(Data records)
-------

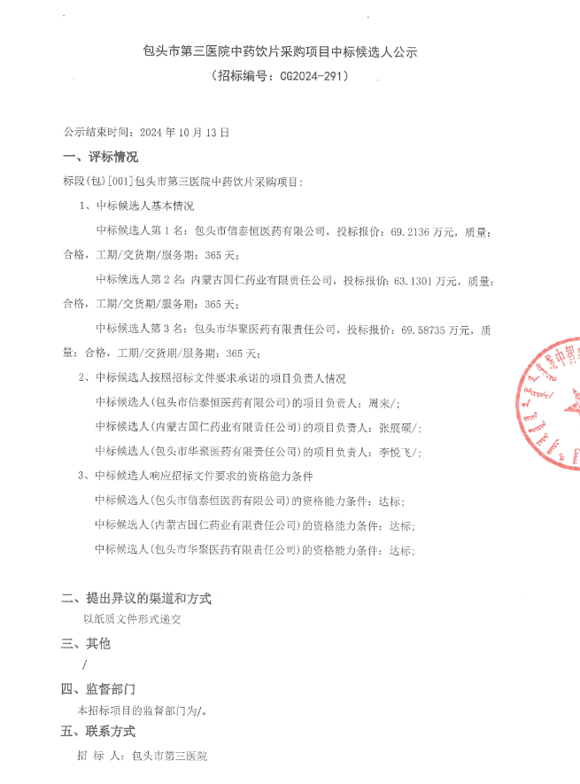 【包头市第三医院】内蒙古自治区包头市第三医院中药饮片采购项目中标候选人公示
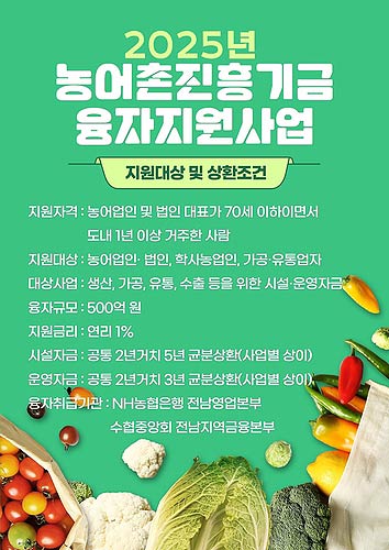 전라남도는 농어업인 경쟁력 강화와 농어촌 지역경제 활성화를 위해 농어촌진흥기금 500억 원을 1% 금리로 융자 지원키로 하고, 오는 24일까지 읍면동서 사업 대상자를 접수한다고 밝혔다.
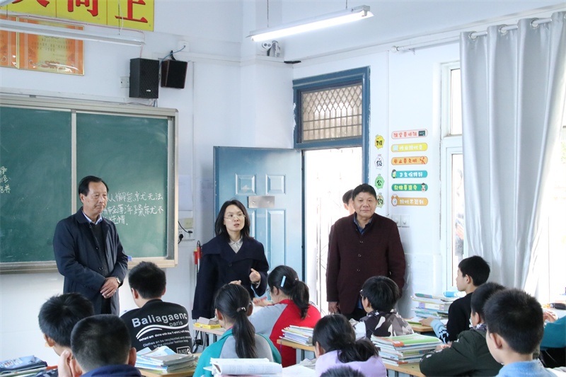 六安九中党支部书记、校长李艳率领校支委成员前往六安九中结对共建学校查婆店学校。在狮子岗乡中心学校、查婆店学校负责人的引领下,六安九中支委一行参观了查婆店学校的校园环境、校园文化,了解了查婆店学校的质量提升和教学教研等情况,关心慰问了我校在查婆店学校支教的教师,走进教室亲切看望了查婆店学校的学生。
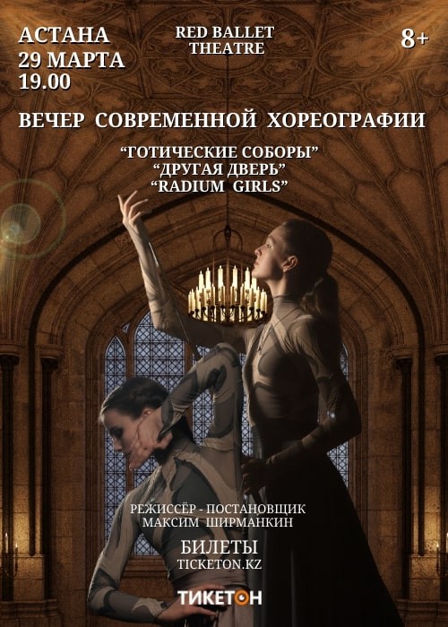 В рамках Танцевального проекта «FOCUS», пройдет Вечер Современной Хореографии Театра танца «RED BALLET», в котором будут представлены три одноактных спектакля: «Готические соборы», «Другая дверь», «Radium girl». Режиссер постановщик Максим Ширманкин.
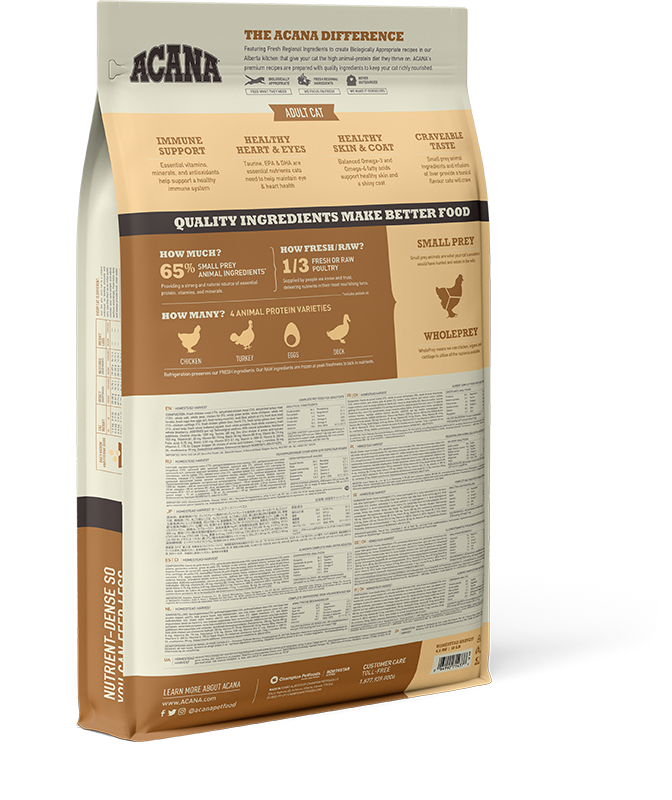 Feed your little wildcat a diet packed with quality animal ingredients. NEW ACANA Homestead Harvest is packed with free-run chicken, turkey, and duck, in WholePrey ratios of poultry, organs, and cartilage, nourishing your cat naturally while offering a taste they crave, and keeping them healthy, happy, and strong.
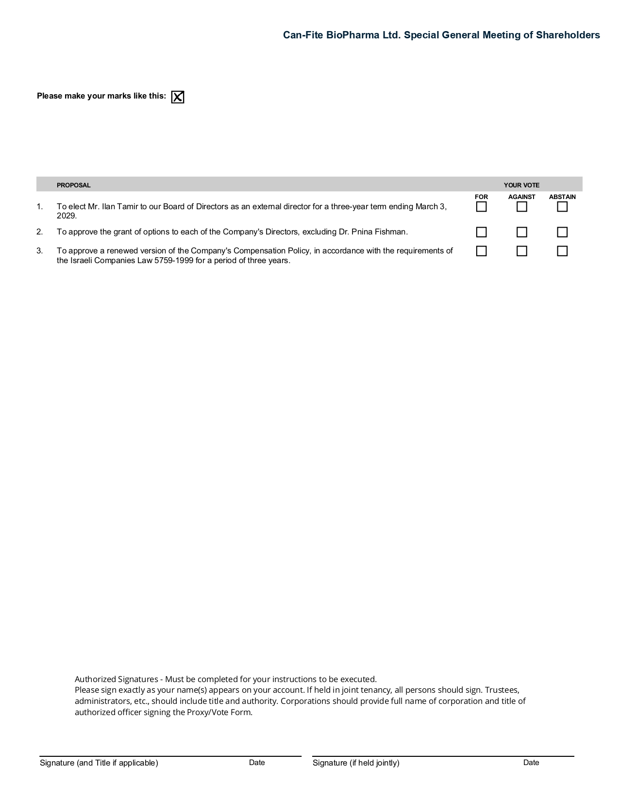 Can - Fite BioPharma Ltd. Special General Meeting of Shareholders Please make your marks like this: YOUR VOTE PROPOSAL AGAINST ABSTAIN FOR 1. To elect Mr. Ilan Tamir to our Board of Directors as an external director for a three - year term ending March 3, 2029. 2. To approve the grant of options to each of the Company's Directors, excluding Dr. Pnina Fishman. 3. To approve a renewed version of the Company's Compensation Policy, in accordance with the requirements of the Israeli Companies Law 5759 - 1999 for a period of three years. Authorized Signatures - Must be completed for your instructions to be executed. Please sign exactly as your name(s) appears on your account. If held in joint tenancy, all persons should sign. Trustees, administrators, etc., should include title and authority. Corporations should provide full name of corporation and title of authorized officer signing the Proxy/Vote Form. Signature (and Title if applicable) Date Date Signature (if held jointly)
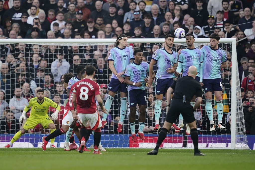 Manchester United’s Alejandro Garnacho, left, is challenged by Arsenal’s Gabriel during the English Premier League soccer match between Manchester United and Arsenal at Old Trafford stadium in Manchester, England, Sunday, March 9, 2025. (AP Photo/Dave Thompson)Manchester United’s Bruno Fernandes leaves the pitch after the English Premier League soccer match between Manchester United and Arsenal at Old Trafford stadium in Manchester, England, Sunday, March 9, 2025. (AP Photo/Dave Thompson)Arsenal’s goalkeeper David Raya, center, makes a save during the English Premier League soccer match between Manchester United and Arsenal at Old Trafford stadium in Manchester, England, Sunday, March 9, 2025. (AP Photo/Dave Thompson)Manchester United’s Ayden Heaven, center, tries control the ball past Arsenal’s Gabriel during the English Premier League soccer match between Manchester United and Arsenal at Old Trafford stadium in Manchester, England, Sunday, March 9, 2025. (AP Photo/Dave Thompson)Manchester United’s Toby Collyer, bottom, and Arsenal’s Gabriel Martinelli vie for the ball during the English Premier League soccer match between Manchester United and Arsenal at Old Trafford stadium in Manchester, England, Sunday, March 9, 2025. (AP Photo/Dave Thompson)Manchester United’s Bruno Fernandes, right, reacts after Arsenal’s Declan Rice, left, scoring his side’s first goal during the English Premier League soccer match between Manchester United and Arsenal at Old Trafford stadium in Manchester, England, Sunday, March 9, 2025. (AP Photo/Dave Thompson)Arsenal’s William Saliba, right, challenges Manchester United’s Joshua Zirkzee during the English Premier League soccer match between Manchester United and Arsenal at Old Trafford stadium in Manchester, England, Sunday, March 9, 2025. (AP Photo/Dave Thompson)Manchester United’s Bruno Fernandes (8) scores his side’s opening goal during the English Premier League soccer match between Manchester United and Arsenal at Old Trafford stadium in Manchester, England, Sunday, March 9, 2025. (AP Photo/Dave Thompson)

-------

## Activity
Set down again, word for word, every line from the one with "六安九中党支部书记、校长李艳" to the one with "В рамках Танцевального" in the entries above, and omit the pictures.

## Task response
 六安九中党支部书记、校长李艳率领校支委成员前往六安九中结对共建学校查婆店学校。在狮子岗乡中心学校、查婆店学校负责人的引领下,六安九中支委一行参观了查婆店学校的校园环境、校园文化,了解了查婆店学校的质量提升和教学教研等情况,关心慰问了我校在查婆店学校支教的教师,走进教室亲切看望了查婆店学校的学生。
 В рамках Танцевального проекта «FOCUS», пройдет Вечер Современной Хореографии Театра танца «RED BALLET», в котором будут представлены три одноактных спектакля: «Готические соборы», «Другая дверь», «Radium girl». Режиссер постановщик Максим Ширманкин.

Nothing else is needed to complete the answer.